Texas Attorney General Ken Paxton is leading the charge to end Deferred Action for Childhood Arrivals, an Obama-era amnesty program for illegal immigrants who first entered the country as minors.
Texas is one of seven states suing the Trump administration to end the program. That number will likely grow in the coming days and weeks.
While President Donald Trump stated last year that he officially wanted to end DACA, he deferred this responsibility to Congress, who in turn has done nothing.
The basis for the lawsuit stems from the idea that when DACA was enacted by former President Barack Obama, it was done so unilaterally by the Executive Branch, and thus it is unconstitutional.
“The executive unilaterally conferred lawful presence and work authorization on otherwise unlawfully present aliens” the lawsuit states.
A similar program, Deferred Action for Parents of Americans, or DAPA, was blocked by a lawsuit also led by Paxton in 2016 that went all the way to the United States Supreme Court.
The issue of rescinding DACA became much more urgent after a judge on the Federal District Court for the District of Columbia ruled that the program must continue.

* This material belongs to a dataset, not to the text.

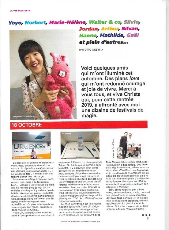 maintenant ça s'appelle MAGICUS MAGAZINE Depuis 2013 J'ai une rubrique dedans, sous le nom de "la vie d'artiste" où je raconte mes aventures professionnelles Voici la page 1 de mon dernier article qui a 3 pages.
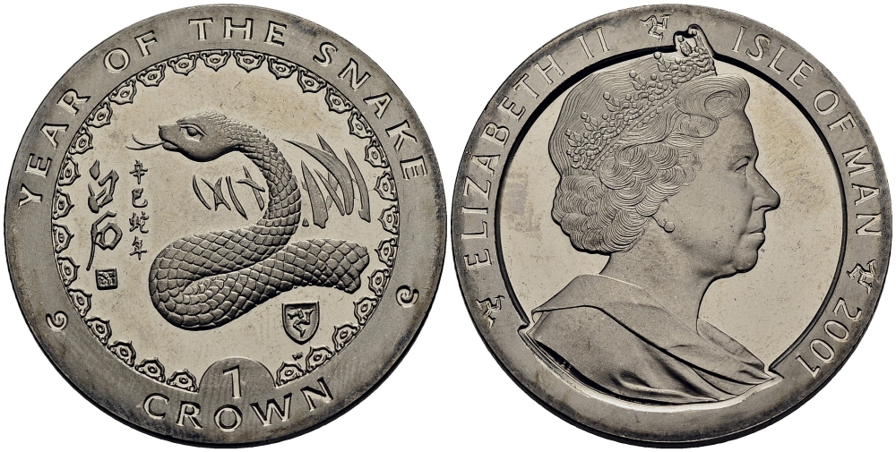 ОСТРОВ МЭН 1 КРОНА 2001 ГОД ЗМЕИ КМ 1062 медно-никель UNC M91-18

Paxton drew attention to the activist judges doing as much as they could to save DACA, saying “unelected federal judges are forcing the Trump administration to leave an unlawful program in place indefinitely as legal challenges drag on.”
While Paxton in the past had threatened to sue the Trump Administration should they uphold DACA, Paxton backed off after Trump announced that he intended to repeal the program. However, the decision by some federal judges to continue the program has pushed Texas and the six other states to move along with their lawsuit.